A discussion of some further medical questions may here be taken up. The first concerns the therapeutic use of the neutral and alkaline salts of sodium. In clinical, pharmacological, and physiological text-books it is stated now, as ever, that these salts promote a flow of gastric juice. We may look in vain, however, for any experimental foundation to support this doctrine. The experiments brought forward cannot be regarded as conclusive. When Blondlot sprinkled sodium bicarbonate upon flesh, or Braun and Griitzner introduced sodium chloride solutions directly into the blood, they began with methods either false in themselves or far removed from normal conditions. In this case, however, the gaps in the experiment were happily made good by the clinician, for the experiment appeared to be confirmatory of clinical experience. That sodium salts (the chloride and bicarbonate) are useful in disorders of the digestive apparatus there can be no doubt. How do they act, however? It appears to me that here, as in some other cases, medical science has fallen into error.

When we know that an effect takes place it does not by any means imply that we know the mechanism by which it occurs; and although medicine is broad enough and comprehensive enough to make free use of empiricism in practice, yet it often thinks in narrow grooves when it turns to the explanation of facts. It frequently tries to explain complicated healing processes in the simplest way, on supposed physiological data. And this is true in the present case, which affords an example of prevalent medical reasoning; the alkalies work favourably in digestive disturbances - therefore they are succagogues. Naturally the stomach, under the influence of alkalies, sometimes begins to secrete a greater quantity of juice. This means, however, that it has recovered from a disordered state and has returned to normal conditions. Consequently, the effect is due to the fact of recovery, and not to a direct influence of the alkalies. This latter, however, must be specially proved. The assistance afforded by the alkalies to the organism might be capable of another explanation; for example, that which is ordinarily given. In this case, however, I venture to offer a reason for the effects of sodium chloride, and of the alkaline salts of sodium, which is exactly the opposite of that generally accepted.

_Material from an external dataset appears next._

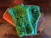 The Mori Lace Gloves use a simple lace at the wrist to create a gentle ruffle, then proceed up the hand with geometric lace at the back (bordered with a subtle 1×1 cable on each side) and a simple thumb gusset. There are special instructions for a bind-off that hits the sweet spot between stretchy enough for finger and thumb movement, and firm enough to not stretch out of shape. None of the lace stitches are exceedingly advanced; any intermediate lace knitter or adventurous beginner could have an easy time making a sweet, rustic set of fingerless mitts.
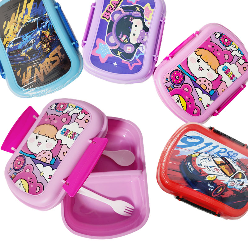 Ланч-бокс, із ложкою, THM3211, пласт., 3 від., кол.в асорт., Імп

We were unable to convince ourselves of any succagogue influence on the part of these salts. Indeed, both on the stomach and pancreas they proved in our hands to have an inhibitory effect. In addition to the experiments which I previously brought forward concerning the relation of alkalies to gastric and pancreatic juice, I may relate the following observation. A dog which fortunately had survived the performance, one after the other, of a gastric fistula, a pancreatic fistula, and an cesophagotomy, received daily during the course of several weeks an addition of soda to its food. The animal enjoyed good health and had an excellent appetite. When the first sham feeding experiment was carried out, the relatively small effect of this otherwise very active juice-exciting procedure at once struck us. At the same time we observed that the pieces of flesh which fell from the upper end of the oesophagus, contrary to the ordinary rule, were hardly at all insalivated. In this dog, therefore, a greatly lowered activity of several digestive glands - viz., of the gastric, pancreatic, and salivary glands - simultaneously existed. With regard to the salivary glands the circumstance was naturally submitted to closer investigation.